10. Acrylic copolymer dispersion as claimed in claim 9, obtainable by crosslinking in the presence of a crosslinking agent, chosen from one or more polyfunctional organic amines containing at least two primary or secondary amino groups or polycarboxylic acid hydrazides.
11. Dispersion as claimed in claim 10, wherein the polyfunctional organic amines are selected from hexamethylenediamine, 1,3-diaminopropane, dodecanediamine and polyoxyalkylene amine, in quantities ranging between 0.1% and 5% by weight of the total monomer mix.
12. Dispersion as claimed in claim 9, with a solid content of between 30% and 70%, preferably between 45% and 55%.
13. Dispersion as claimed in claim 10, wherein the polycarboxylic acid hydrazides are selected from adipic dihydrazide or isophthalic dihydrazide in the quantity of 0.1% to 5% by weight of the total monomer mixture.
14. Dispersion as claimed in claim 9, also including non-ionic surfactants in the quantity of 0% to 5% by weight, a blocked isocyanate in the quantity of 0% to 2% by weight, and a crosslinked cationic polyalkylene amine in the quantity of 0% to 10% by weight.

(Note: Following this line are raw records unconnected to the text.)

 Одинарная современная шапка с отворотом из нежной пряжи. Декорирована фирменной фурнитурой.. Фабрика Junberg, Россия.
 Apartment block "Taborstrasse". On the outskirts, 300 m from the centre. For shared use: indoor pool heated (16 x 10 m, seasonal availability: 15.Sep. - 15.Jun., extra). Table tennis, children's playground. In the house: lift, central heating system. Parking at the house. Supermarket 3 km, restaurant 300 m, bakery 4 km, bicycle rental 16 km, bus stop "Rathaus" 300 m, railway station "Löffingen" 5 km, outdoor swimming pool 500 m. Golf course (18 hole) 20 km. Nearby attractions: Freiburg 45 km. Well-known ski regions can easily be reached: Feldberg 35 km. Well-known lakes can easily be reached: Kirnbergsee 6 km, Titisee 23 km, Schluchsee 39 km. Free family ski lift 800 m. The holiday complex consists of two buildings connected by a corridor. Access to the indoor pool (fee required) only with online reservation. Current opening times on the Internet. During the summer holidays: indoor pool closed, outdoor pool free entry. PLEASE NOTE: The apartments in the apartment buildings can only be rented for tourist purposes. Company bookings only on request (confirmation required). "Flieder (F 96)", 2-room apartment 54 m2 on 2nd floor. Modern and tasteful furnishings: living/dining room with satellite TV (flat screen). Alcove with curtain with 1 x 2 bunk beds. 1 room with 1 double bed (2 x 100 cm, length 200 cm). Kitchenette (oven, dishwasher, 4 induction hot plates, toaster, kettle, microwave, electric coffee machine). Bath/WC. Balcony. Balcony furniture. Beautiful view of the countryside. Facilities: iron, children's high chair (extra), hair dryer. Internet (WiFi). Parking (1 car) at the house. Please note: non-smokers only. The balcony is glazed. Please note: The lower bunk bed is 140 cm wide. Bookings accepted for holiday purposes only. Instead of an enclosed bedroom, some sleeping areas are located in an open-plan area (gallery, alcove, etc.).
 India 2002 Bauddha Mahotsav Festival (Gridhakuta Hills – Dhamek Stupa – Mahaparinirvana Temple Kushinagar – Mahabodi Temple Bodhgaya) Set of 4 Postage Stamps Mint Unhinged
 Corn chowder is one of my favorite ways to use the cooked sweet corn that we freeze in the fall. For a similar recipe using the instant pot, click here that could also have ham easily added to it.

16. Garments obtainable with the process claimed in claim 1.
17. A process of resin-coating garments with or without memory comprising obtaining a self-crosslinkable acrylic copolymer as claimed in claim 10; and treating said garments with said resin.
 The present invention relates to a resin-coating process for
treating garments made of cotton or cotton blends, with or without shape
memory. Due to the use of suitable crosslinking dispersions, the process
according to the invention gives the garment excellent performance in
terms of "distressed" and "raw/unwashed" effects, and enhances the fabric
 The invention also relates to formulations in the form of dispersions of suitable crosslinking polymers or resins applicable to the resin-coating process.

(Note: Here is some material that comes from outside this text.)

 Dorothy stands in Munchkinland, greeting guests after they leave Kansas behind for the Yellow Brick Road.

 The combination of polymer dispersion and resin-coating process also simplifies the process, reduces energy requirements and eliminates the potentially harmful products present in the techniques commonly used.

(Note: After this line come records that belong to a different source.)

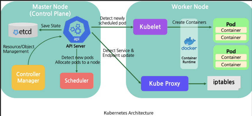 1.Kubelet : 각 노드에서 실행되는 agent. pod에서 컨테이너가 확실하게 동작하도록 관리함. API Server를 모니터링하며 해당 Node에 scheduling되는 pod을 감지하고 pod에서 container을 실행시킴
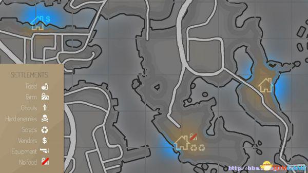 显示定居点位置---显示资源信息(Food食物 Farm农场 Ghouls食尸鬼 Scraps废料 Equipment设备 装备)
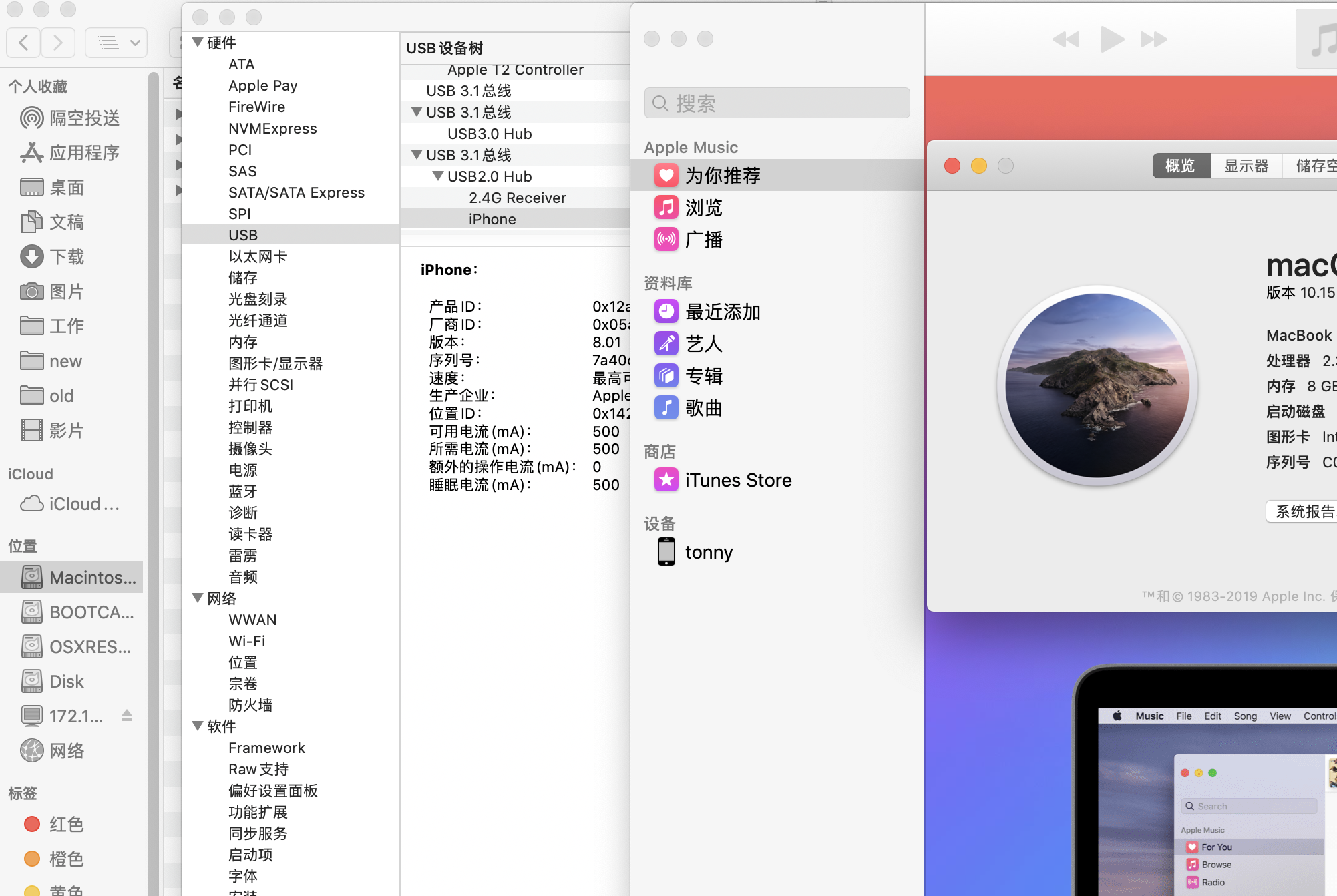 升级10.15后,通过USB-Lighting数据线连接Mac,finder左侧侧边栏不显示iPhone设备。但是“系统信息”内可以看到iPhone ,"音乐"、“照片”APP内都可以看到iPhone,
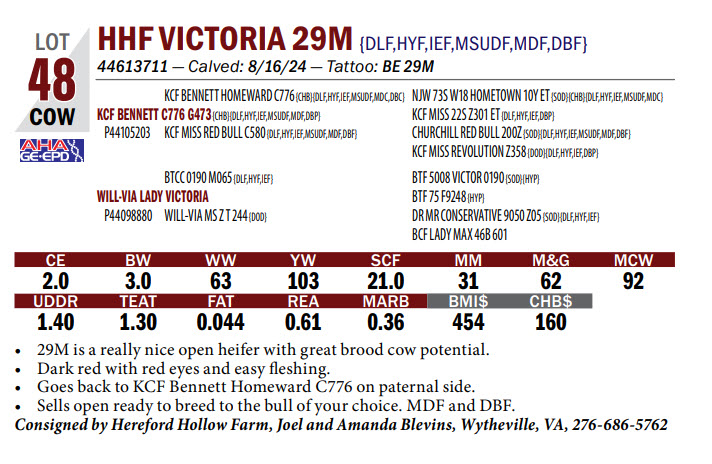 44613711 — Calved: 8/16/24 — Tattoo: BE 29M 29M is a really nice open heifer with great brood cow potential.
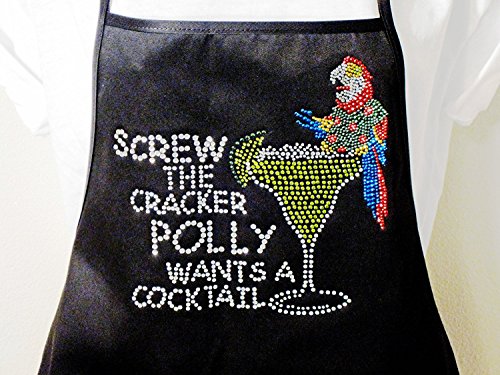 "Screw The Cracker" -Classic Black Apron - Rhinestone - Poly Blend Two Pocket Apron
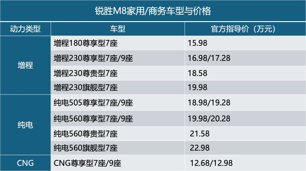 銳勝M8目前提供增程、純電和CNG三種動力模式。
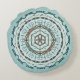 This mandala design features layers of white, turquoise and brown patterns inspired by Celtic weaves and Indian mehndi, such as vines, ribbons, and lotus flowers.
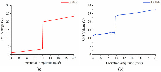 Figure 12. RMS voltage diagram with excitation amplitude as parameter: (a) BPEH; (b) IBPEH.

BACKGROUND OF THE INVENTION
 A fashion trend which has been popular since the 1980s is the treatment of garments to produce a "distressed" or "artificially aged" look: this term means a garment which looks as if it had already been worn for a long time or is made of a "raw" fabric, ie. one that has never been washed.
 The term "garments" in the present description identifies fabrics sewn to make garments such as jeans, trousers, shirts, jackets, sweaters and all personal clothing items in general.
 Different types of sewing, shape, colour and treatments come under the heading of "fashion", varying in their specificity and over time.
 To obtain "distressed", "already worn", or "raw" effects, treatments with suitable polymers or resins are often used.
 The purpose of these treatments is to freeze the image and/or shape of the garment at the time when the resin or mixture of resins or polymers was applied and crosslinked.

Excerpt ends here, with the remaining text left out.